Lena Sisco, exinterrogadora en Guantánamo, sobre los narcisistas: "Suelen ser discretos, o incluso encantadores, y ese es uno de sus aspectos más insidiosos"
La manipulación no siempre se reconoce a simple vista, y precisamente por eso conviene aprender a identificarla antes de que se convierta en un problema mayor.

La manipulación no siempre llega envuelta en amenazas o comportamientos evidentes. A menudo se presenta con una sonrisa, una aparente seguridad o incluso con gestos de cercanía. Esa es, precisamente, una de las advertencias centrales de Lena Sisco, experta en comunicación no verbal y antigua interrogadora en Guantánamo, que ha dedicado dos décadas a estudiar los mecanismos de la llamada “psicología oscura”.
Según explica, este tipo de manipulación forma parte de la vida cotidiana de muchas personas, aunque no siempre se reconozca como tal. Puede aparecer en el trabajo, en la pareja, en amistades o incluso en citas aparentemente inofensivas.

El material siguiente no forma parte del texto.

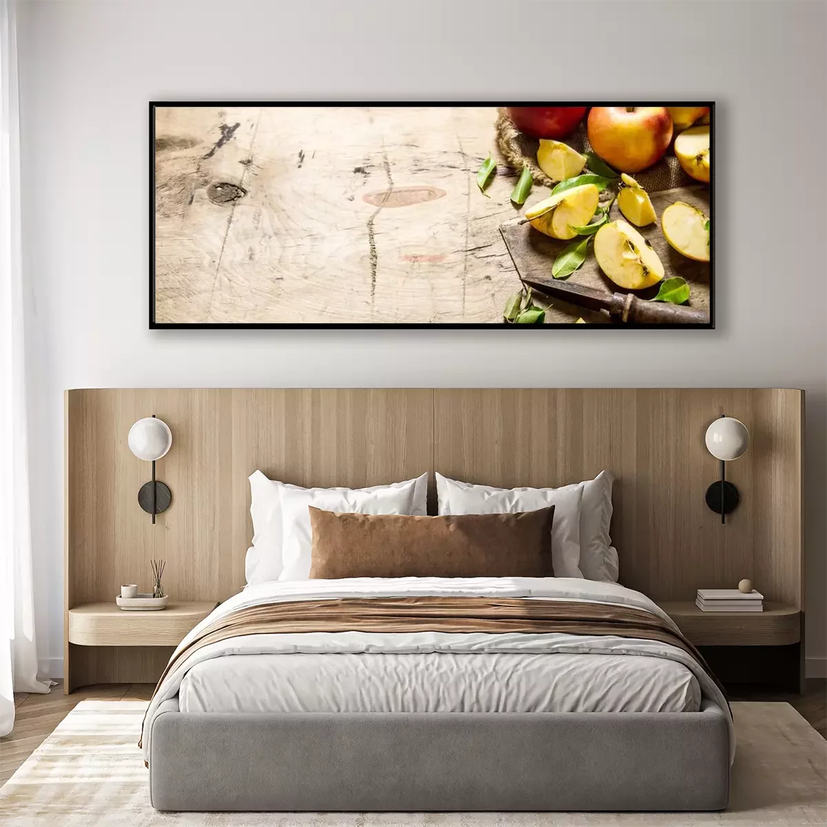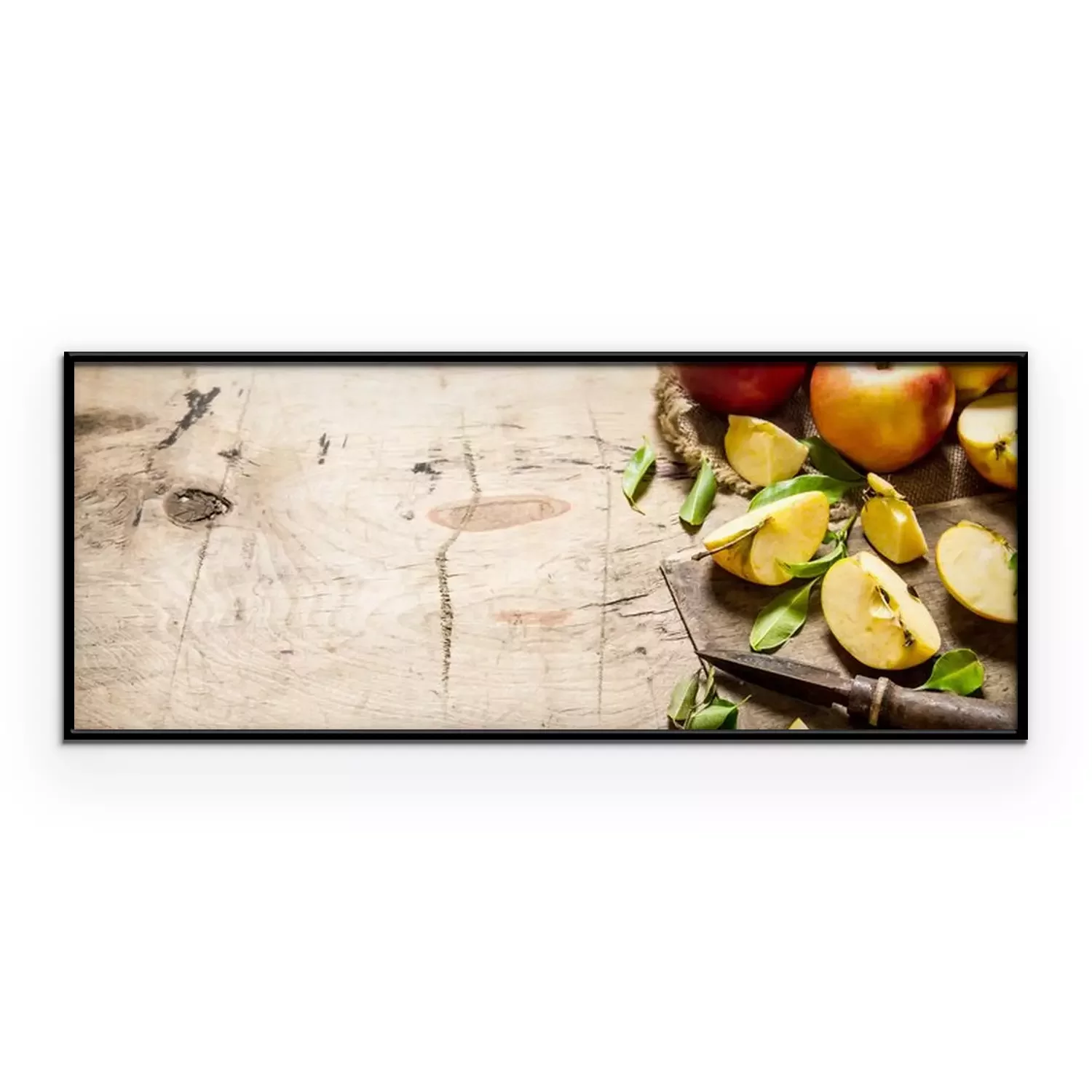 Poster: Rode appels gesneden met een mes. Vrije ruimte voor tekst.
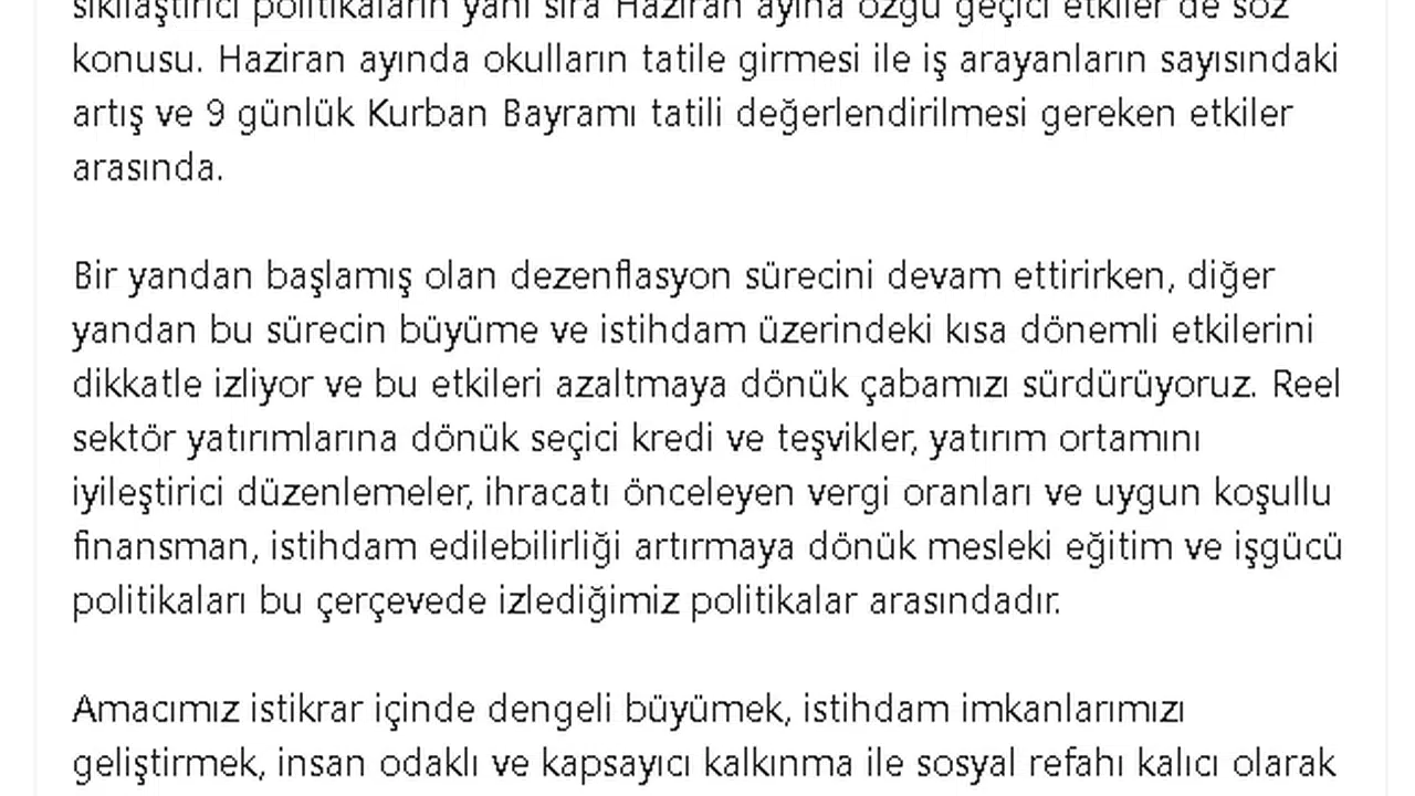 Cumhurbaşkanı Yardımcısı Cevdet Yılmaz sosyal medya hesabından paylaşım yaparak, haziran ayında işsizlik oranının yüzde 9,2’ye yükseldiğini, ancak bu oranın Orta Vadeli Program (OVP) tahmini olan yüzde 10,3’ün altında kaldığını belirterek, "Haziran ayındaki artışta enflasyonla mücadele sürecinde uygulanan sıkılaştırıcı politikaların yanı sıra haziran ayına özgü geçici etkiler de söz konusu. Haziran ayında okulların tatile girmesi ile iş arayanların sayısındaki artış ve 9 günlük Kurban Bayramı tatili değerlendirilmesi gereken etkiler arasında" ifadelerini kullandı.

“Es el uso estratégico de tácticas psicológicas para explotar, controlar y dañar a otros”, resume la experta, que insiste en que estos comportamientos suelen pasar desapercibidos precisamente por la forma en que se presentan. “Suelen ser discretos, o incluso encantadores, y ese es uno de sus aspectos más insidiosos”, señala sobre los narcisistas a la prensa italiana.
Su experiencia en interrogatorios y análisis del lenguaje corporal ha sido la base de su libro El poder de la psicología oscura, donde recoge herramientas para detectar a mentirosos y manipuladores.
Señales que suelen pasar desapercibidas
La manipulación rara vez comienza con un conflicto, si no en situaciones cotidianas: una pareja que culpa constantemente al otro, un amigo que utiliza la culpa para conseguir lo que quiere o un jefe que exige más de lo razonable. Son dinámicas que, con el tiempo, generan inseguridad, ansiedad y dependencia emocional.
Para la autora, el primer paso es aprender a detectar esas pequeñas incoherencias: gestos que no encajan con las palabras, cambios de tono o frases que buscan confundir más que aclarar. La intuición, sostiene, suele percibir esas señales antes de que la mente las procese.
Trece pasos para protegerse
En su libro, la experta propone un método estructurado para identificar y afrontar a manipuladores. Entre las recomendaciones más destacadas se encuentran confiar en la intuición, hacer preguntas directas cuando algo no encaja, exigir responsabilidad por el comportamiento del otro y establecer límites claros.
También insiste en la importancia de crear distancia cuando la situación lo requiere, buscar apoyo externo y, si es necesario, cortar el vínculo de forma definitiva. El objetivo, explica, no es solo detectar a los manipuladores, sino recuperar el control personal y evitar que esas dinámicas deterioren la autoestima o la estabilidad emocional.
Además, cree que la psicología oscura puede aparecer en contextos aparentemente normales, por eso defiende que aprender a reconocerla no es una habilidad reservada a profesionales de la seguridad o la negociación, sino una herramienta útil para cualquier persona.